En el Día de la Biblia

La primera vez que leí la Biblia era sólo un púber. Creo que la abrí en uno de los libros de Reyes, del Antiguo Testamento. Después de que hube husmeado entre genealogías extrañas e historias que para mí no tenían ni principio ni fin, llegué a la conclusión de que la Biblia era el libro más soso y árido que había conocido. Devolví el ejemplar a su exilio de años en la librera familiar para continuar, por otros años más, en su destierro.

Ya en la adolescencia un pequeño folleto religioso apareció en la sala de la casa. Comencé a hojearlo y me di cuenta de que no tenía más texto que algunos pasajes tomados de la Biblia. En una página había versículos que hablaban del amor de Dios, en otra, de la divinidad de Jesucristo, en la siguiente, algunos milagros que Jesús hizo. Y así fui leyendo página tras página hasta llegar a una donde encontré el pasaje del libro de Deuteronomio que contiene los Diez Mandamientos. Al leerlos me sobrecogió el descubrir que el Decálogo aparecía de una manera diferente a la que me había enseñado la paciente Sor Inés, antes de mi primera comunión, en el parvulario.

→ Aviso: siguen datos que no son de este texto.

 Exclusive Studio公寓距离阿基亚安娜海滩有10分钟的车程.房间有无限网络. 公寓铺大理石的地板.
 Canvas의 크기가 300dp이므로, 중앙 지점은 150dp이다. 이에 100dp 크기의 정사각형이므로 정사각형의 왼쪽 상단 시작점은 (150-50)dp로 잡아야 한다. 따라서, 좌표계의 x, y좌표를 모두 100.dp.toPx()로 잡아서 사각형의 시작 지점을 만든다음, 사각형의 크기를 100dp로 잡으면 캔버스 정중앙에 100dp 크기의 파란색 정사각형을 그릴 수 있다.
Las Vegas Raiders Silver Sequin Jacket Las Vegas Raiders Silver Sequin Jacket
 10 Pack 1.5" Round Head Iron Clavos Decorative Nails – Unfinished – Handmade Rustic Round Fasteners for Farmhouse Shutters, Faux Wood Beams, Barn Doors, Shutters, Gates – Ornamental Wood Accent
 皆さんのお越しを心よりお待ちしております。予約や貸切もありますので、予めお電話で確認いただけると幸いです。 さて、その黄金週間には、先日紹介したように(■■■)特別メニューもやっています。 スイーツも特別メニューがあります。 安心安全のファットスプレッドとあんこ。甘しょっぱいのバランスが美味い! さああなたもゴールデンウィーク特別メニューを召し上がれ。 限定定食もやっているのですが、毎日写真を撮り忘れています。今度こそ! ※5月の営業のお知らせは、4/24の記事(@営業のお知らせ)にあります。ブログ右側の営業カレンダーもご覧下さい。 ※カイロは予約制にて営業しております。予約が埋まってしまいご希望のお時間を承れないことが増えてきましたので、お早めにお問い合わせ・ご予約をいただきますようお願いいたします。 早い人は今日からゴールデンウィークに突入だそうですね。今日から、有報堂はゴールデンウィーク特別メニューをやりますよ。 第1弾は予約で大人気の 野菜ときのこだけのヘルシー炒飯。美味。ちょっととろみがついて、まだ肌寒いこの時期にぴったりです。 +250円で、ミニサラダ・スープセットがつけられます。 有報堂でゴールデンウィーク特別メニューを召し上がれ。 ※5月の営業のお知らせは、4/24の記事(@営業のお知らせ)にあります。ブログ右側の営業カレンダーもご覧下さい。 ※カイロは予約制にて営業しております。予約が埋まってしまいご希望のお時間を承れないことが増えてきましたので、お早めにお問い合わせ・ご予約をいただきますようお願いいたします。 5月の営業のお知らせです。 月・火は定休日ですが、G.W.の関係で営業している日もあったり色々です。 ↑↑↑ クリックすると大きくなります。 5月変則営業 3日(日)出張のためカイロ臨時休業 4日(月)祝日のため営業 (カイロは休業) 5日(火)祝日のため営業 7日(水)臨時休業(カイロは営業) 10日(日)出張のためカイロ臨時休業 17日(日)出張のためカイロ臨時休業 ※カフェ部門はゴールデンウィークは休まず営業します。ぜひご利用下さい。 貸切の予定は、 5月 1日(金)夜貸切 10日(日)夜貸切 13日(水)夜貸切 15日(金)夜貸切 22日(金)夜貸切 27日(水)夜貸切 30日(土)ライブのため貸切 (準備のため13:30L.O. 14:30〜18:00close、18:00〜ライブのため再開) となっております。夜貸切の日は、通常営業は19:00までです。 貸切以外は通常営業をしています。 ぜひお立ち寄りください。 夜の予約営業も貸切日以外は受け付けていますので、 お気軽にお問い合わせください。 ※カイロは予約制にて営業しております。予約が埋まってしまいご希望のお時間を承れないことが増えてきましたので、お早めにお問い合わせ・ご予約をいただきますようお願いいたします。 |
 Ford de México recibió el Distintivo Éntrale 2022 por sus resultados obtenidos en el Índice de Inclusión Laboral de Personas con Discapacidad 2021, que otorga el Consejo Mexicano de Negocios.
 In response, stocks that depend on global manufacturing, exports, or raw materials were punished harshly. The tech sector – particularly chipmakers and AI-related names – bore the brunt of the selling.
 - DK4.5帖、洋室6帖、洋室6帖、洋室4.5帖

Pensé que había descubierto la manera en que algunas sectas religiosas engañaban a las personas alterando las Escrituras. Para terminar de comprobar mi tesis fui a buscar el pasaje de Deuteronomio en la Biblia Nácar-Colunga. Mi sobrecogimiento fue mayor al darme cuenta de que los Diez Mandamientos se encontraban en la Biblia tal como lo decía aquel folleto. Pensando en una variante de traducción consulté con la Bover-Cantera y luego con la de Monseñor Straubinger. No había duda, aquel folleto decía la verdad.

Pero esa capacidad de sobrecogerme no sólo la experimenté en esa ocasión. En verdad, la vida cristiana es un continuo de conmociones producidas por la lectura de la Biblia. En lo personal, la leo todos los días. Y no me resulta aburrido ni rutinario después de más de tres décadas haciéndolo. La razón es que la Biblia tiene autoridad y es capaz de examinarnos y desafiar ideas que damos por ciertas. Cuando se posee la humildad para escuchar a la Biblia ella hace más que esclarecernos, nos transforma.

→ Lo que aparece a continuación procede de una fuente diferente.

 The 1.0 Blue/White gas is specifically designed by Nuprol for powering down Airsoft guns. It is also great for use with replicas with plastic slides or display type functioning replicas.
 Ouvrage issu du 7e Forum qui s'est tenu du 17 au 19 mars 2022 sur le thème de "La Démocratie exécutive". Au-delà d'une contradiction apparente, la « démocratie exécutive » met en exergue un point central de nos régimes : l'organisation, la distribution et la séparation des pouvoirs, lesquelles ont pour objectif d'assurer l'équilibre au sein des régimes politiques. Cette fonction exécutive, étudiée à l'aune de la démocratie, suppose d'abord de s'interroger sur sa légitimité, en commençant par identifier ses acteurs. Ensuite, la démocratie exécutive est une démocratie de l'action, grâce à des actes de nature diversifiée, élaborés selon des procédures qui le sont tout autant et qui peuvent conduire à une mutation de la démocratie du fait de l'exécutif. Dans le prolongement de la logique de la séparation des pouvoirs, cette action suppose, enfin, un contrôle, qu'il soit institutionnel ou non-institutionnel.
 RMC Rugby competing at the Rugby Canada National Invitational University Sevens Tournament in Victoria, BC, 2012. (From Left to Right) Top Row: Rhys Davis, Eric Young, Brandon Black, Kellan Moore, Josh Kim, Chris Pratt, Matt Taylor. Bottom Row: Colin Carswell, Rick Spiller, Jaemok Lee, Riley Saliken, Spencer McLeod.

Si la Biblia ha conservado su vigencia después de veinte siglos y si hoy en día se disponen de más traducciones de ella que nunca antes, es por su autoridad para sobrecoger a los seres humanos. De otra manera, ¿por qué tendría que ser el libro más vendido en nuestro país cada año? Con este pensamiento concuerdan casi todos al reconocer en ella una autoridad perenne.

Y, por esa razón, la Asamblea Legislativa no dudó en declarar el segundo domingo de diciembre de cada año «Día de la Biblia.»

Aunque la Biblia es mi libro de cabecera y mi trabajo gira en torno a ella, su poder de sobrecogerme permanece igual que el primer día. Su lectura me conduce de sobresalto en sobresalto. El Sermón del Monte, las parábolas de Jesús. Siempre desafiantes y retadoras. Estableciendo marcos éticos sorprendentes e inspiradores. En el Día de la Biblia hagámonos el propósito de volver a ella y redimirla del exilio que a veces le imponemos. Su lectura metódica y consciente podrá descubrirnos cosas que, a veces, ni imaginamos.